- Location of Wilhelmsfehn II
- Wilhelmsfehn IIWilhelmsfehn II
- Coordinates: 53°24′35″N 7°41′31″E﻿ / ﻿53.40981°N 7.69183°E
- Country: Germany
- State: Lower Saxony
- District: Aurich
- City: Wiesmoor
- Time zone: UTC+01:00 (CET)
- • Summer (DST): UTC+02:00 (CEST)
- Postal codes: 26639
- Dialling codes: 04944
- Vehicle registration: AUR

= Wilhelmsfehn II =

Wilhelmsfehn II is a district (Stadtteil) of the East Frisian town of Wiesmoor, in Lower Saxony. A linear settlement, it is located west of the town, to the south of Wilhelmsfehn I.

==History==
The settlement was founded in 1878. In that year, canals reaching into the Ostfriesische Zentralhochmoor ("East Frisian central raised bog") such as the Norderwieke and the Süderwieke were extended eastwards. The moor colony was named after Emperor Wilhelm I.

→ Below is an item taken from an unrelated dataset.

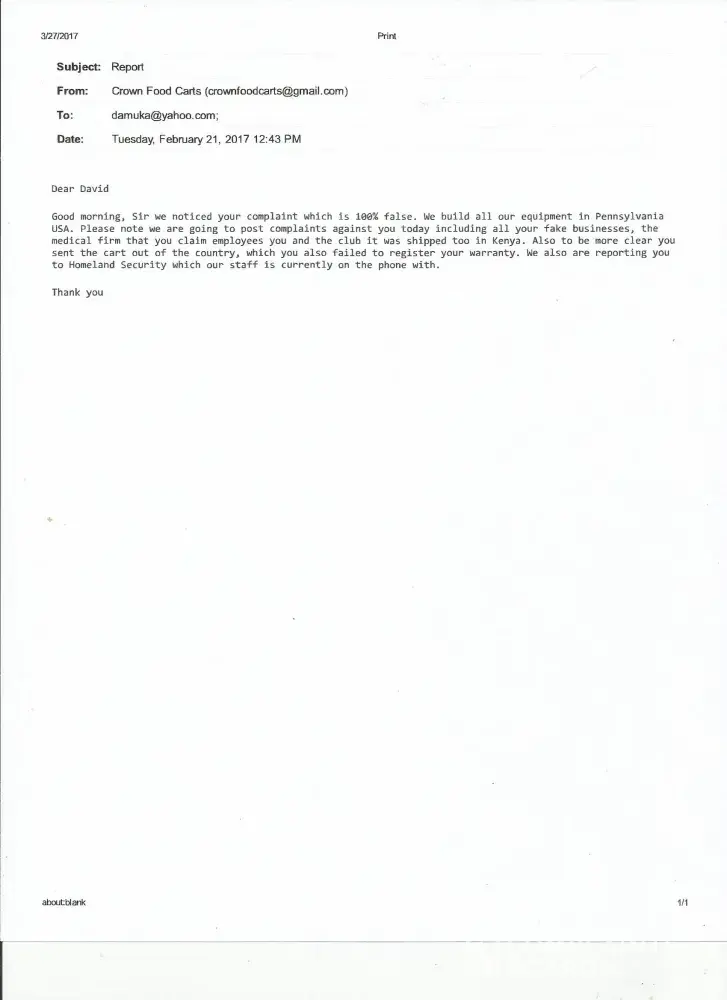 The owner has been arrested on Fraud. Please contact the Monroe County Police Dept in Penn and also look on the BBB site Crownfoodcarts and see the arrest information of the owner. Let them know you have been a victim of Crown food carts.
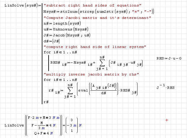LinSolve() provides an alternative for "hand made" sparse linear systems, as they typically occure in basic engineering mechanics. For densly populated systems, the matrix notation of the system might be more appropriate.

In contrast to Wilhelmsfehn I, the development of the place came to a standstill. Both canals now end in the moor and were not connected to the Nordgeorgsfehn Canal as originally planned. The reason for this is seen as changed economic conditions, especially the decline of the peat shipping that had been intensively operated until then. In 1931, the village, which remained an estate district (Gutsbezirk) under municipal law, received its own school. In 1951 it was added to the greater municipality of Wiesmoor.